# **FPGA Implementation Documentation – ALU & Memory**

#### **Abstract**

This work presents the intermediate implementation of two digital design modules - a memory block and an Arithmetic Logic Unit (ALU) on the **Basys 3Artix-7 FPGA** using Vivado.

The memory module was designed to store and retrieve 16-bit data words at specified addresses, with initialization and basic read/write operations verified through simulation as well as implementation on the FPGA.

The ALU module was implemented to perform a range of arithmetic and logical operations on two 16-bit operands, with status flags (zr, ng) displayed via the on-board seven-segment display.

Both modules were successfully synthesized, mapped to LUTs, and verified through testbenches. Preliminary quality of results (QoR) analysis shows efficient utilization of FPGA resources, no congestion, and all timing constraints satisfied, confirming the correctness and feasibility of the approach for further integration and testing.

## **ALU Implementation**

The Arithmetic Logic Unit (ALU) was implemented as a parameterized 16-bit module capable of performing a wide range of arithmetic and logical operations based on six control inputs (zx, nx, zy, ny, f, no). Two 16-bit operands are selected from pre-initialized memory locations using 5-bit address inputs, allowing flexible testing across positive, negative, and patterned data values. Depending on the opcode settings, the ALU supports operations such as zeroing inputs, bitwise negation, addition, subtraction, and logical AND, along with conditional negation of the output.

To provide status feedback, the ALU generates two condition flags: zero (zr), which is asserted when the result equals zero, and negative (ng), which indicates a negative output in two's complement form. These flags are also mapped to the on-board seven-segment display, offering real-time visualization during FPGA testing. The ALU design was simulated extensively using binary test vectors, then synthesized and mapped successfully to the FPGA with correct functional verification.

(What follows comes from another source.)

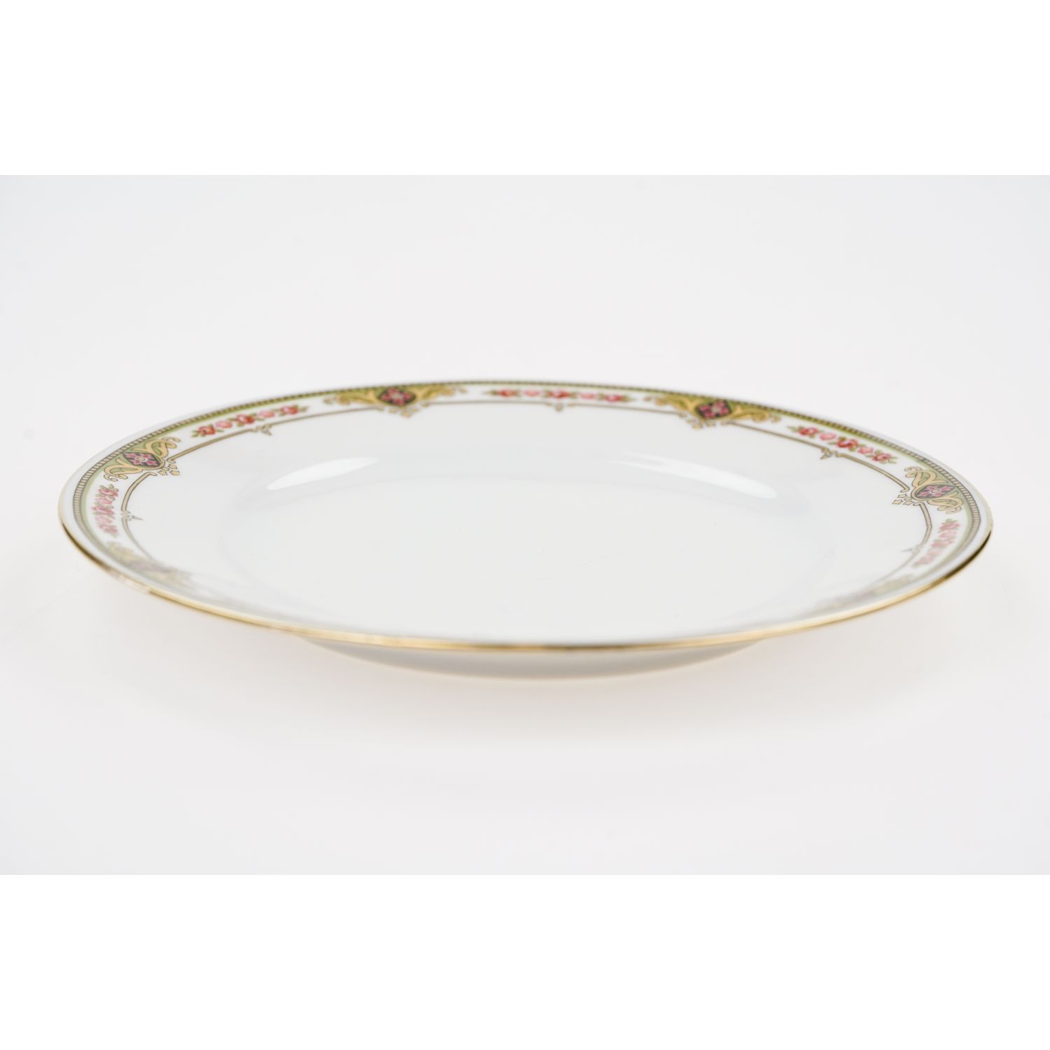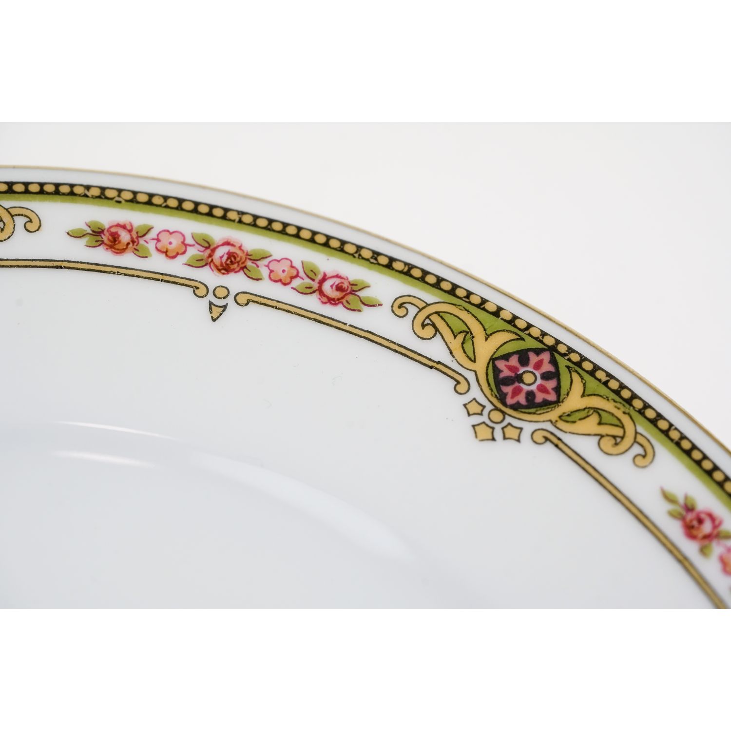 Pochodzi z Francji z Limoges z wytwórni Balleroy et Cie. Sygnowane znakiem stosowanym od 1903 do 1940 roku. Porcelana w odcieniu bieli, o prostych, eleganckich kształtach. Wszystkie elementy zdobione przy krawędziach różaną, barwną bordiurą i złoceniami na krawędzi.
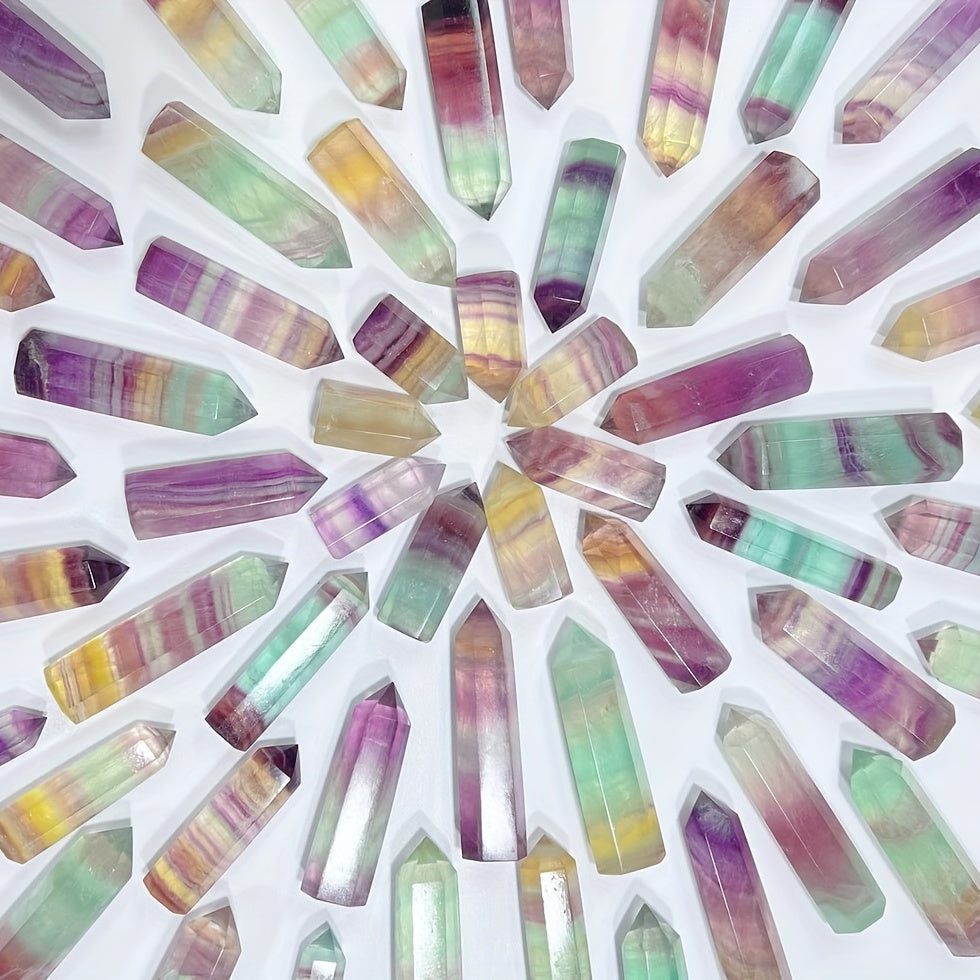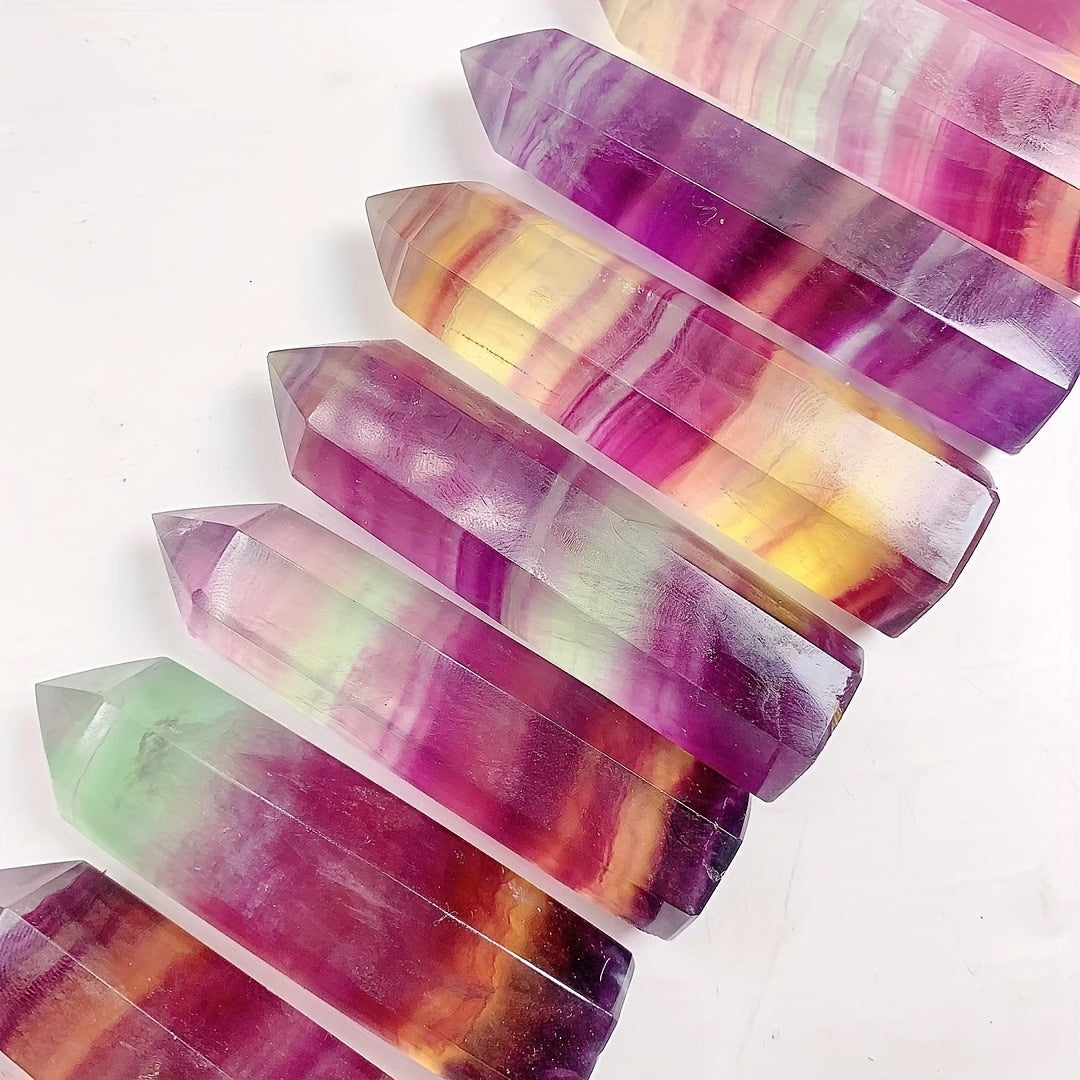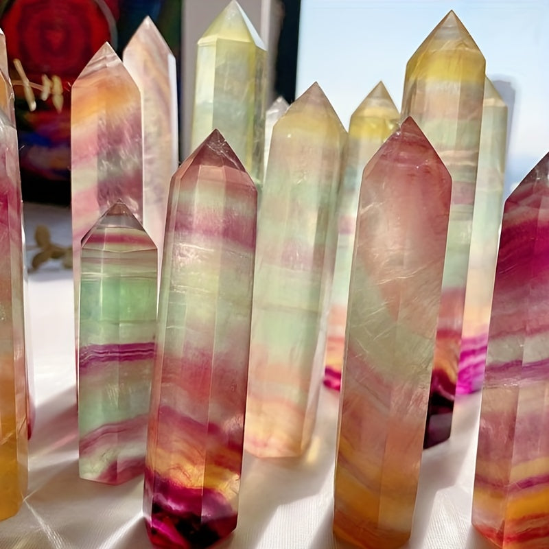 This colorful Fluorite column features a thousand layers of rainbow hues, perfect for meditation and healing practices. Each piece is unique and showcases the beauty of natural crystals.

The ALU was implemented using a **hardcoded register initialization strategy**. Instead of directly providing operands, two memory arrays were defined with 16-bit values preloaded at specific addresses. During execution, the ALU receives only the operand addresses, retrieves the corresponding data, and performs the required computation. This approach streamlined operand handling and enabled testing across a wide set of positive, negative, and patterned values.

# **Block Diagram**



Figure 1: Block diagram of the ALU

The top-level design integrates an ALU with memory arrays and a display unit. Two 5-bit address inputs (mem\_address\_a and mem\_address\_b) select operands from internal memory blocks, which are then fed into the ALU along with control signals. The ALU computes the result and generates status flags (zr, ng), which are passed to the display module for visualization on the seven-segment display (seg, an).

## **IO Table**

| Direction | Name          | Width | Comments                                          |
|-----------|---------------|-------|---------------------------------------------------|
| Input     | clk           | 1     | Clock input to the registers                      |
| Input     | initialise    | 1     | Initializes the registers with the values         |
| Input     | mem_address_a | 5     | Address of the operand 'a'                        |
| Input     | mem_address_b | 5     | Address of the operand 'b'                        |
| Input     | ZX            | 1     | Zeros input x                                     |
| Input     | nx            | 1     | Negates input x                                   |
| Input     | zy            | 1     | Zeros input y                                     |
| Input     | ny            | 1     | Negates input y                                   |
| Input     | f             | 1     | To choose between AND and Add operations          |
| Input     | no            | 1     | Negates the output                                |
| Output    | result        | 16    | Result of the ALU operation                       |
| Output    | seg           | 7     | To interface the Flags onto the 7 Segment display |
| Output    | an            | 4     | To choose display digit                           |

# **Quality of Result**

#### Congestion

The congestion analysis shows no congestion windows above level 5, indicating that the design is well placed and routed without routing bottlenecks. This confirms efficient logic distribution across the FPGA fabric.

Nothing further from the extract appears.